El silencio sobrevino de nuevo, sabía que existía algo más con respecto a esa última labor, algo que le intranquilizaba, pero el amparo nuevamente de la voz de October y ese ambiente tan sumiso se convirtieron en el bálsamo perfecto para dibujar una sonrisa entre labios y rebuscar su mirada.
—Yo… —¡Demonios!, pensó resoplando por lo bajo. El llamado a la puerta hizo que Ben apretase de sus labios y se reincorporara viéndole apartarse. Él no demoró demasiado en ponerse en pie, no pareciendo muy a gusto en esa soledad.
—Deja, —se le acerco extendiendo de sus brazos para ser quien sostuviera de la pizza tras acortar distancia— te ayudo con eso. No quiero que luego me reclames porque se te dañen las uñas. —Burlón optó por guiñarle un ojo antes de comenzar a regresar sobre sus pasos.
La muchacha ya estaba torciendo el gesto al oír aquello que no le había gustado. ¿Algo que no hubiese querido saber? Ella siempre quería saberlo todo, y a veces pecaba de entrometida debido a eso. El timbre de la puerta interrumpió la palabra de Benjamín y los pensamientos de October en un solo llamado.

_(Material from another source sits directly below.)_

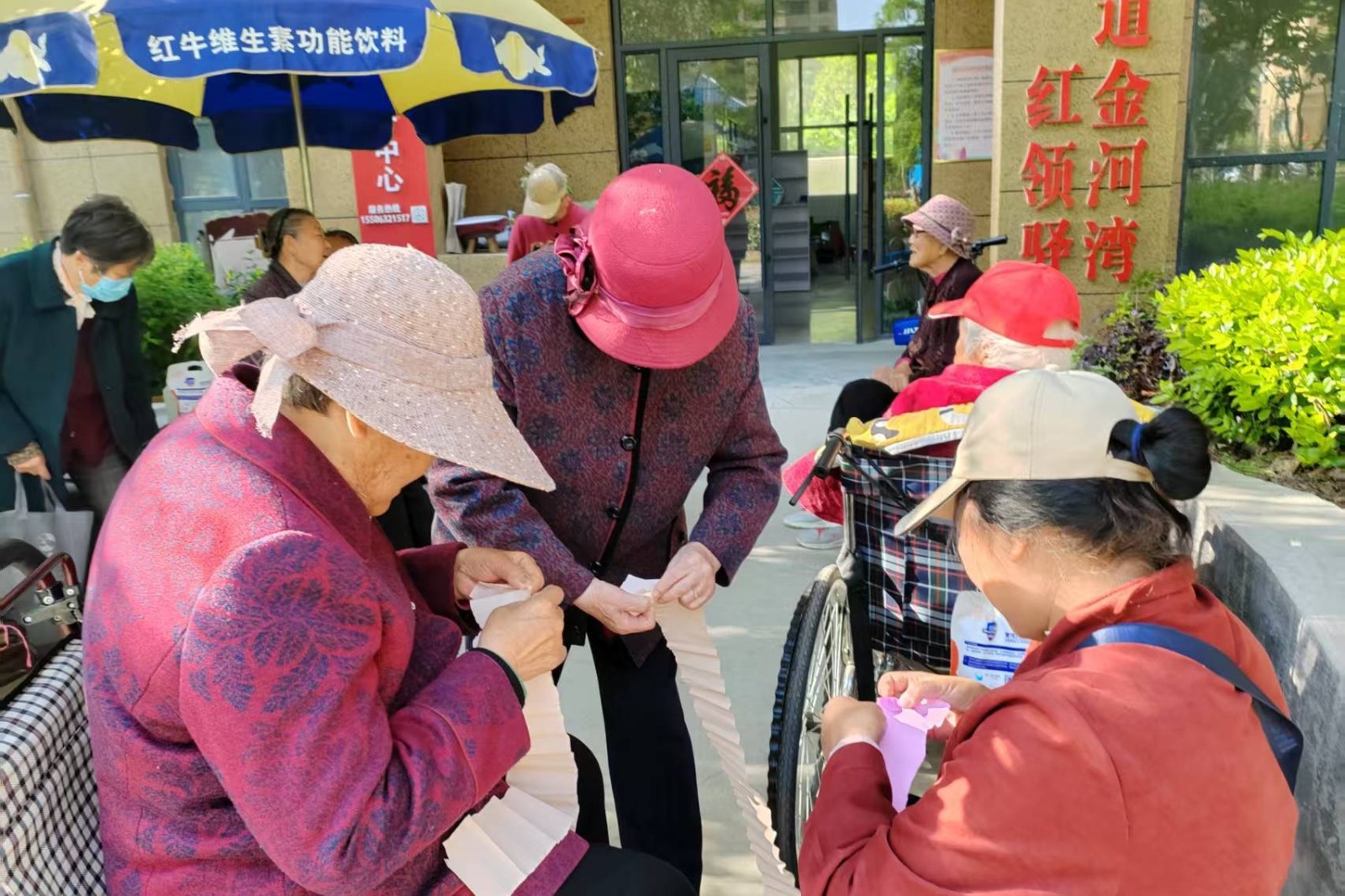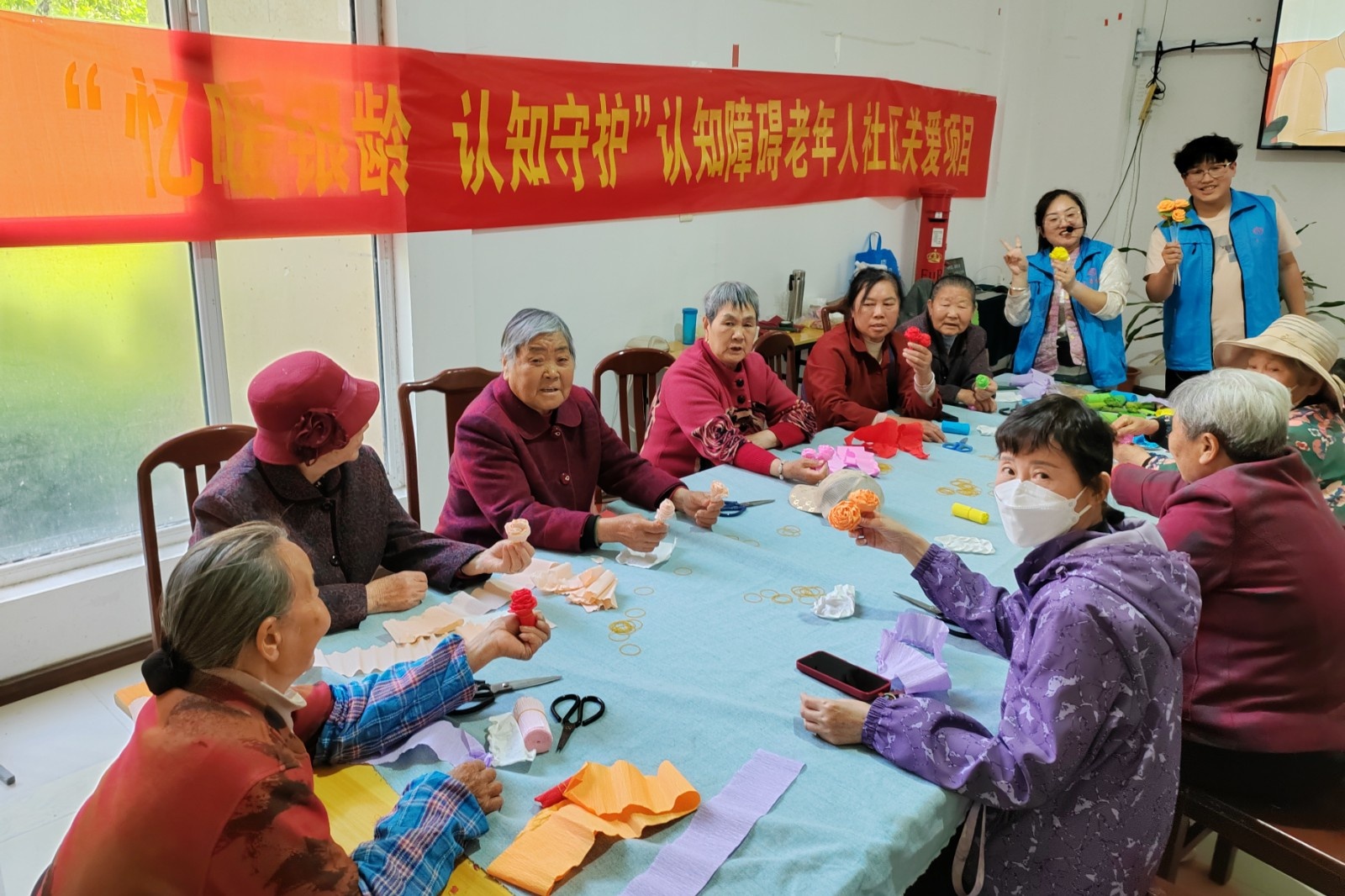 科普结束后,趣味手工制作活动正式开启。志愿者提前准备好色彩丰富的皱纹纸、剪刀、胶水等手工材料,细致讲解花朵制作步骤,手把手指导老人们折叠、裁剪、塑形、粘贴。老人们兴致高昂、积极参与,认真跟随步骤动手制作,相互交流技巧、互帮互助,一张张彩纸在手中变成精致生动的纸艺花朵。大家在指尖劳作中锻炼手眼协调与思维能力,在欢声笑语中拉近彼此距离、收获满满成就感,有效缓解孤独情绪,拓展社交圈子。

—Muchísimas gracias —dijo, mientras le arrebataban la caja de pizza de las manos. Lo agradeció internamente porque estaba caliente, pero en el exterior sólo demostró un ceño fruncido—. Quédate con el vuelto, así está bien. Gracias. Gracias, gracias, gracias. Era como si nunca fuese a desaparecer esa tonta costumbre inglesa de agradecerlo todo tres y hasta cuatro veces.

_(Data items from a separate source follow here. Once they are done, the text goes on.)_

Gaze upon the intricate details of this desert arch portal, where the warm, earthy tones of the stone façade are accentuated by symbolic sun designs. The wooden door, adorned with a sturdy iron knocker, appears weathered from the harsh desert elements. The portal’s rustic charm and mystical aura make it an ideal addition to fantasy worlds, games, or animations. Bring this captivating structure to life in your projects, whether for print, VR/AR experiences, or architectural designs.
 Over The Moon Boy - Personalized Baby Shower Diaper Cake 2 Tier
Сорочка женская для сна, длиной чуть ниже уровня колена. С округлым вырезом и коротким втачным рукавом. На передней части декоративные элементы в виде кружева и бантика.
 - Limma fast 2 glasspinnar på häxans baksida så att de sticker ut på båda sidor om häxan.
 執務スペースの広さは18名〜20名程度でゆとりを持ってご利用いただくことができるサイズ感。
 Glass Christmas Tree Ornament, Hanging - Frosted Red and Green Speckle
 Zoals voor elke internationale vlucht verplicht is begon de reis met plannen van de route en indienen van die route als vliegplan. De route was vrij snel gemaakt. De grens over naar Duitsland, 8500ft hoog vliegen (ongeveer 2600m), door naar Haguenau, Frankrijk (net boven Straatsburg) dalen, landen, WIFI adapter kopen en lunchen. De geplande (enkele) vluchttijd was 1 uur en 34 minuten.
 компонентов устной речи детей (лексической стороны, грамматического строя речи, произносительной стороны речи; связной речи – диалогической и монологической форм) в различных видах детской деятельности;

Justo antes de sentarse en el sofá, October pasó por su habitación. Nola estaba plácidamente dormida sobre la cama de dos plazas, protegida a ambos lados con una barrera de almohadas que se extendía hasta el piso. Tenía las mejillas enrojecidas y los brazos extendidos de par en par. –Oye –se apresuró a entornar la puerta y correr de nueva cuenta hacia la sala–, ¿ya te vas? Ben no había dicho nada aún y no había practicado movimiento alguno que sugiriese que iba a marcharse, pero October sabía que ya habían pasado las diez de la noche y que los horarios de su amigo eran bastante estrictos. Uno no faltaba a la Estación de Policía así como así. –Pensé que quizá podrías quedarte a cenar. La pizza la comemos rápido y, mira, está caliente. Yo creo que deberías aprovechar. Para continuar con la pequeña extorsión, se sentó en el sofá de un salto con la caja de pizza sobre las piernas. Sabía que al abrirla, el aroma a queso fundido tentaría a Ben a quedarse con ella, al menos, veinte minutos más. –Amo este lugar, tiene las mejores pizzas del planet... –se calló de repente.

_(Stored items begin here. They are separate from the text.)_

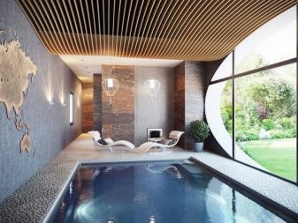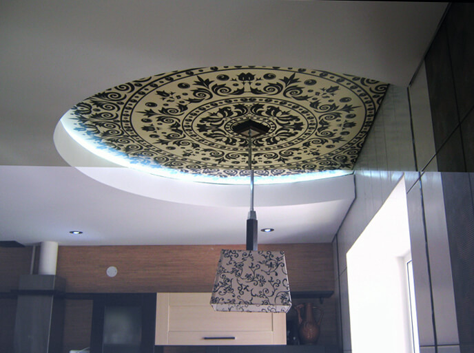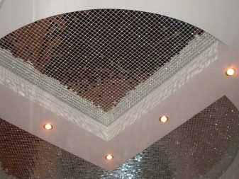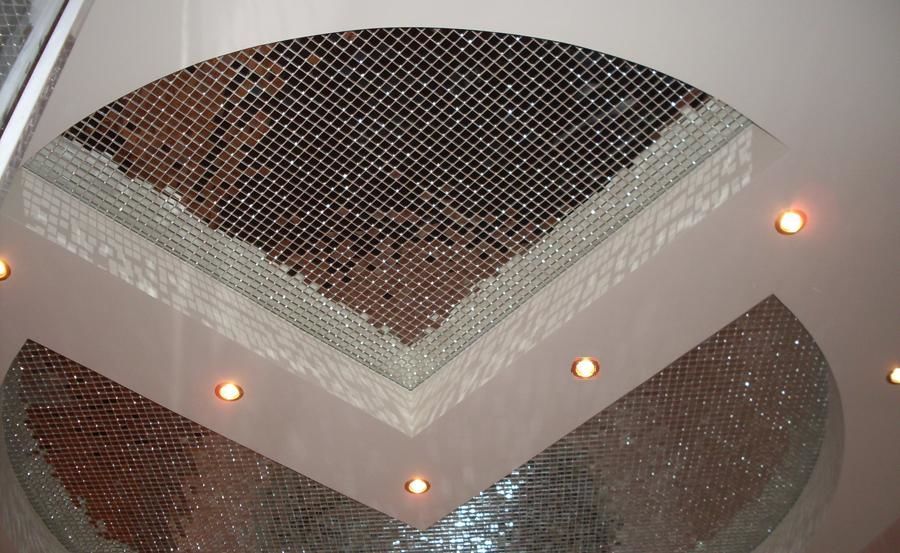 Ceiling design can be supplemented with stucco, mosaic. Thus, you can make accents. Mosaic made up of patterns or images. It firmly holds, if you use the usual tile adhesive. The mosaic can be made of different materials - ceramic elements, colored glass, stones.
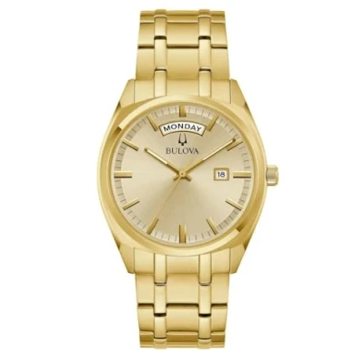 The Bulova men’s Surveyor is defined by exceptional quality and sophisticated aesthetics. This Analogue watch features a calendar function: Day-Date and is equipped with Luminous Hands High quality Gold Stainless steel strap, measuring 21 cm in length and 21 mm in width, with a Fold over with push button clasp. Case diameter: 39 mm,case thickness: 10 mm, case colour: Gold and dial colour: Gold Water resistant: 3 bars-Weight: 139 g The watch is delivered in an original gift box and has a warranty of 2 years
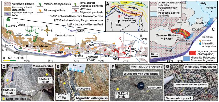 针对上述研究难题,我校“岩浆作用与青藏高原形成”研究团队博士后易建康,在合作导师朱弟成教授与澳大利亚莫纳什大学Roberto F. Weinberg教授的共同指导下,对青藏高原南部冈底斯岩浆带东段米林地区的中-酸性混合岩化正片麻岩和花岗岩岩体(扎绕岩体)开展了详细的野外、岩石学、年代学和地球化学研究,取得以下新认识:
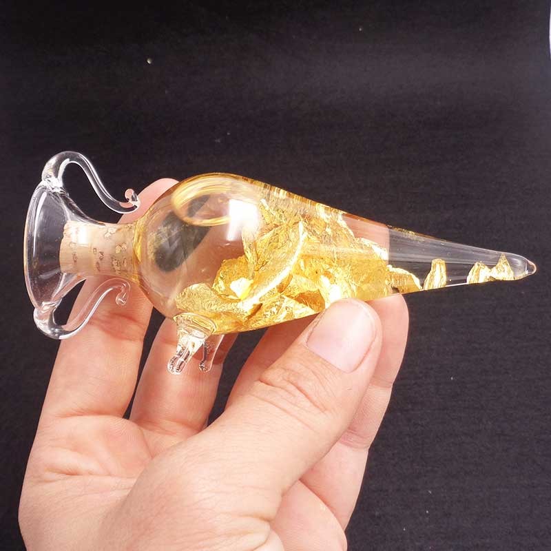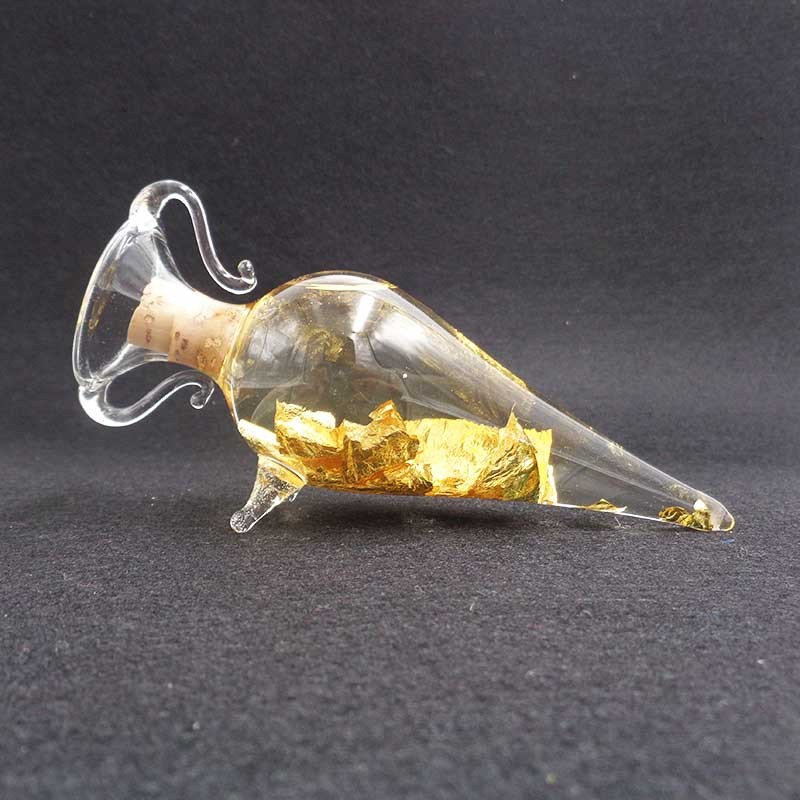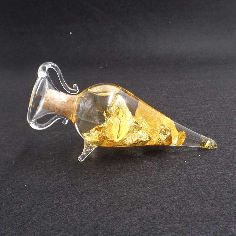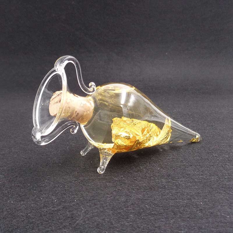 Ánfora de cristal con hojas de oro en su interior. Certificado de autenticidad, oro de Brasil.

Afuera, cuatro pisos más abajo en la acera, un auto se había estacionado. Apenas tenía las luces encendidas, las cuales fueron apagadas luego de aparcar, pero October aún así había notado la compañía. "Oh, no...", murmuró en el susurro más bajo, casi para sus adentros. Era el mapa lo que estaban buscando. Meses atrás, October había irrumpido en la casa de Peter Kingsley en busca de un documento que le brindaba una coordenada más de las que estaba buscando. Justo cuando ella se encontraba revolviendo el escritorio de la biblioteca, había sentido un ruido de pisadas en el jardín lindante pero, al no ver a nadie, la hipótesis de que la habían descubierto había desaparecido de su mente. Estaba equivocada. Aquella Ford Ranger que la había perseguido hacía unas semanas estaba aparcada justo frente a la puerta de su edificio. Jamás hubiera olvidado o confundido esa patente.